In between, he was a panel member and All-Ireland winner with the Minor hurlers on arguably the county’s greatest-ever day in Croke Park in 1968.
He went on to win a Leinster Under-21 hurling medal and, after work as a teacher brought him to Meath, he collected two Senior hurling and two Senior football medals, as well as a Leinster Club football championship with Summerhill in 1977.
After returning to his native county to work in Gorey, his long and fruitful association with the Ballygarrett club began.
Although a veteran by that stage, he lined out at full-forward when they reached a first-ever Junior hurling final in 1990, losing a heated affair to Davidstown-Courtnacuddy in Bellefield by four points.
There was the consolation in that year of helping Réalt na Mara to the Junior football crown, but Ballygarrett had to wait until 2003 before contesting another hurling decider.
With Larry as manager, they lost to Bannow-Ballymitty by five points, but bounced back twelve months later to secure a 0-14 to 0-9 win over Our Lady’s Island and a first county hurling title.
Larry would have been in his element in recent months, not just as a result of Ballygarrett’s wonderful campaign, but also because those Wexford Minor football players of 1969 were re-united on county final day.
He is one of three panel members to have passed to their eternal reward, along with Michael Deane of HWH-Bunclody and Aidan Kerrigan from St.
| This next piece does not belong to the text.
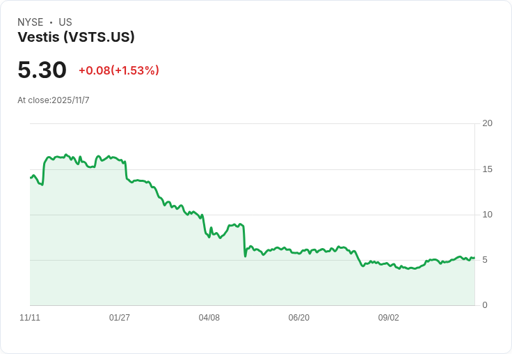 根據現金流折現模型,Vestis的內在價值為9.11美元,遠高於目前5.30美元的股價,顯示出被低估的可能性。

Patrick’s (Ballyoughter).
His daughter, Lorna, collected an appreciation award on his behalf, and he retains strong links to next Saturday’s Ballygarrett team as his son, Mark, is the substitute goalkeeper, while his son-in-law, Patrick Naughter, is one of the driving forces on the ’40.
The passing of Larry was undoubtedly the biggest in a series of blows endured by the club in recent years, and it is to their immense credit that they have re-grouped and now find themselves counting down to what promises to be the greatest day in their history.
Another feather in his cap was that he was an inter-county hurling referee for many years, and one of his loyal umpires was another great Ballygarrett clubman, Seán Breen. Seán will be honoured at the inaugural Gorey District awards this Saturday night, and hopefully he will have witnessed a club he helped to keep going through some very lean years winning a Leinster title mere hours beforehand.
I’m sure I won’t be the only person in Bellefield to spare a thought for Larry Doyle and the tremendous role he played in getting Ballygarrett to where they are today. He’ll be looking down on the action with incredible pride.